Commitment Phobia – Which Type of Commitment Phobic are They?
By: Narelle Stratford

Narelle Stratford

Narelle Stratford

© Narelle Stratford, March 2008 – Brisbane Psychologist
Visit www.livelife2themax.com.au

She confided; -
“He wants me to move in with him, and he’s loving and affectionate, and he has a dog that he loves and treats well, and a nice place to live, but….” and her voice trailed off uncomfortably, and finally became silent.

2. “I’m just not sure that I want to move in with her.  I mean, we’ve been dating and sleeping together for less than a year and I’ve been married before, and it happened because I moved in and within a year we were married and then it didn’t work out.”

3. “I really want to move in with him.  But I just can’t pin him down.  He says he loves me, he says he wants to be with me, but when I try and talk about moving in together he says, “let’s not rush it.”  What’s the problem with him, why don’t men want me to live with them?  This isn’t the first time!  How can I convince him, I don’t know what to do.”?

If these conversations sound familiar, then you have either been the commitment phobic, or the one with the commitment phobic partner, and neither position feels very comfortable, does it?

Commitment Phobia can be defined as an inability to commit, and it doesn’t just occur in personal relationships.  This limiting belief can cause issues in the workplace, in business, and in the community, but because it is most likely to be observed in a relationship, that’s usually what people recognise and certainly is the topic of discussion here.

Commitment Stages

Firstly, let’s look at the layers or stages of commitment that one can encounter in a personal and intimate relationship with another:

Dating – you are free to see whom you please, when they agree

Exclusive dating without sex – you decide you want to explore this relationship and therefore commit to only seeing this special person.
(Hmm, maybe one of you agrees and the other doesn’t…)

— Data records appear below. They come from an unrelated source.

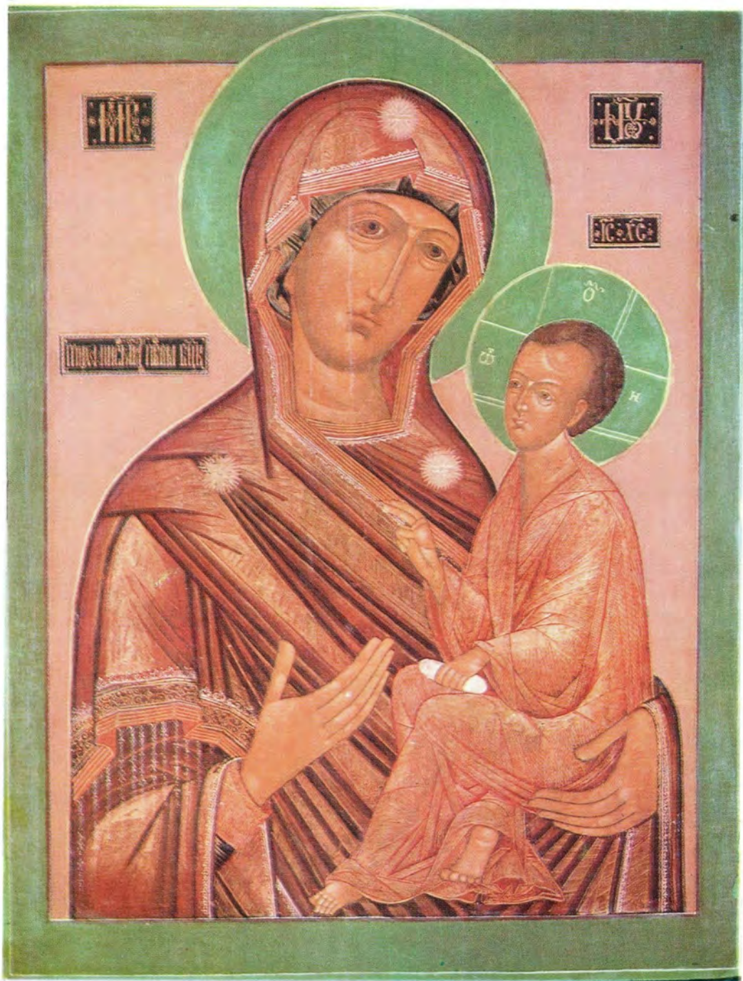
ТИХВИНСКАЯ ИКОНА БОЖИЕЙ МАТЕРИ

Из храма Воскресения словущего, что на Успенском Вражке в Москве XVII в.
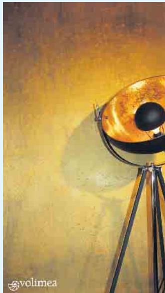
Edle, goldene Wandgestaltung
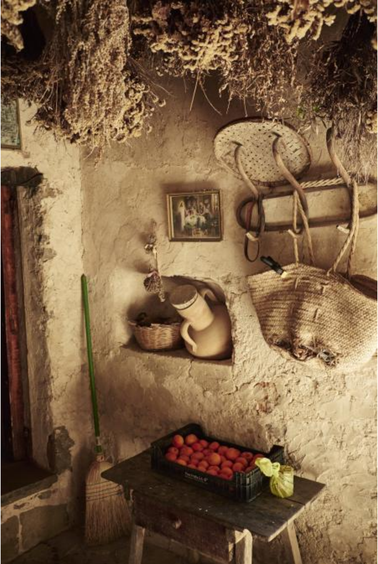
Casa rural de la arquitecta Armin Heinemann en Ibiza

Exclusive dating with sex – as above, and now there is an additional bonus of sex
(Hmm, maybe one of you agrees to monogamy and the other doesn’t…)

Living together (usually includes a sexual relationship) with a view to engagement and marriage, or

Living together – and no-one dares to mention the L for Love word, and heaven forbid “engagement” or worse still, the big M.  Rightly, you know straight away we are not talking about McDonalds, but Marriage!

Engagement – well done, you got that milestone out of the way!

But did it include a public party?  The commitment phobic will avoid any public declaration of love and want it to be kept pretty quiet.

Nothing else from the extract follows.